Each node generates \(a_{i}\) using the \(k_{i}\)

Each cipher text element in the received array is modified using \(a_{i}\)

$${\text{I(s)}} = I\left( s \right)^{{a_{i} }} = g^{{\alpha_{s} .a _{i} }} \,h^{{\beta_{s} .a_{i} }} \bmod \,{\text{x}}$$

Then the index for the indented data alone is multiplied by \(w_{i}\).

Intermediate aggregator node aggregates the received arrays from all children using additive homomorphic operation. This semantic security and public randomization enables the method secure against eavesdropping attack. Before the beginning of aggregation process, the BS collects the ID of all participating node by broadcasting hello message and receiving acknowledgement. Using this, the BS recalculates the aggregation of all participating nodes ID and compares it with extracted aggregation ID from the received message. If the verification succeeds it respond with acknowledgement. Each intermediate node stores the message received from its child nodes until an acknowledgement is received from BS. If consistency check fails, the BS traces the malicious node using the message and signature which are stored in the intermediate aggregator node. Thus the BS verifies the integrity of the received message.

Authenticity of all communication is verified by attaching a signature generated using a unique key shared between all the nodes and their parents. Thus the authenticity of all participating nodes and integrity of leave nodes are ensured. And the deviation of aggregated value caused by the collusion of compromised intermediate and sensor node is minimized. But this method requires the entire active node whether it is having data or not, to participate in the aggregation process by sending array of null values, this consumes the bandwidth of energy constraint sensor network.

6.2 Privacy Preserving In-network Aggregation in Wireless Sensor Networks: PPIA [15]

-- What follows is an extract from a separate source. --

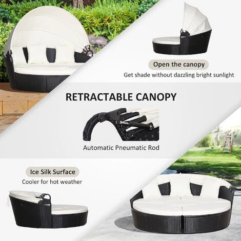 • Retractable overhead canopy, will block out sun and rain to allow you to rest peacefully
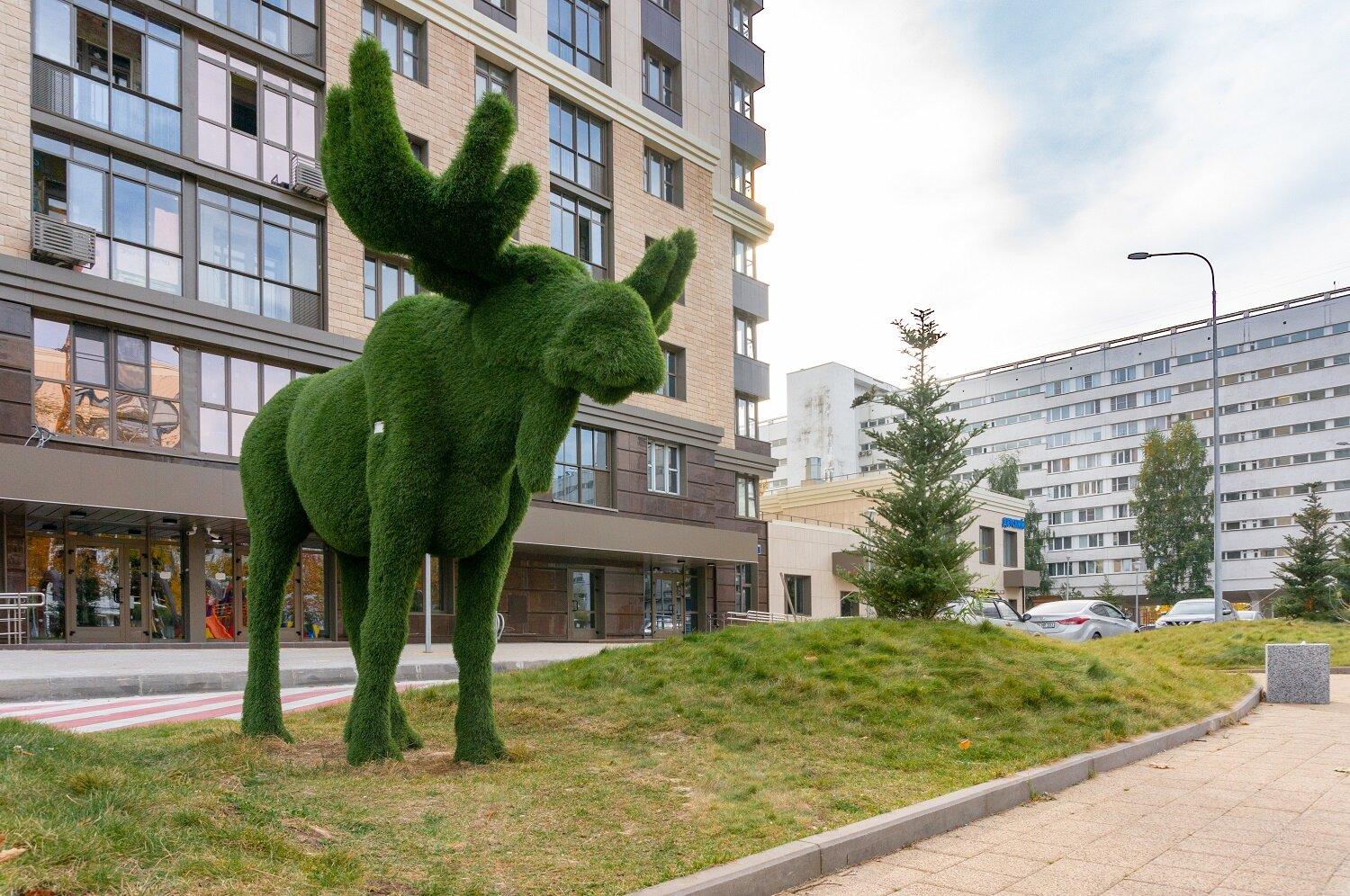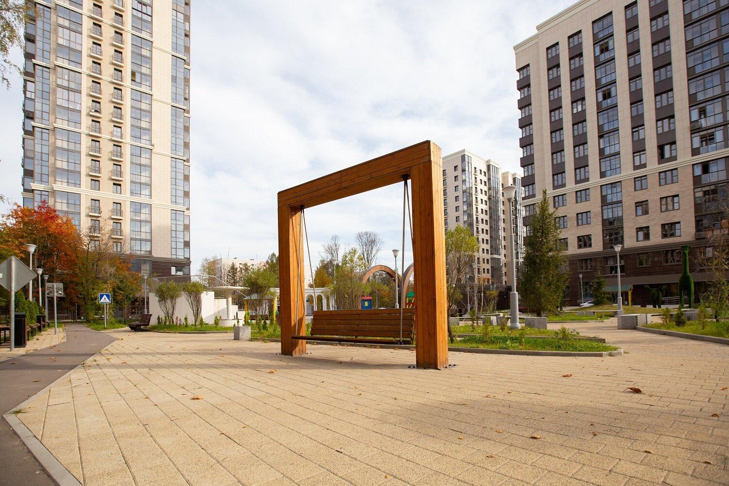 Центральная аллея сквера украшена арками и парковыми диванами. По всей территории проложена велодорожка. В сквере установлены две детские площадки. Одна из них – с качелями-гнездами и игровым городком в виде корабля с лазалками и горкой. Также здесь обустроены зоны для тихого отдыха с круговыми скамейками и навесами и большими качелями. На территории сквера установлены топиарные фигуры животных.

The authors proposed a method using Paillier cryptosystem based asymmetric homomorphic encryption scheme to resilient false data injection in data aggregation. The kind of aggregation supported are sum, count and mean. Existing solutions for false data injection by compromised node by allowing multipath routing is very complex. Hence the authors proposed this solution. The leaf node encrypts the data using the

$${\text{Ency}}\left( {\text{M}} \right) = {\text{rM}} . {\text{pq}}\;\text{mod}\;{\text{qq}}$$

where M is the message to be encrypted.

$${\text{M}} = {\text{mT}}$$

where m is sensed data and T is the threshold, p is random value, p ɛ Zq.

The encrypted M is forwarded to the parent node in tree where it get aggregated and forwarded to its parent. This process gets repeated till the sink. Using the threshold and the private key, the sum, count and mean can be calculated by the sink. Thus the security is ensured by using homomorphic encryption and energy consumption is reduced by using the threshold.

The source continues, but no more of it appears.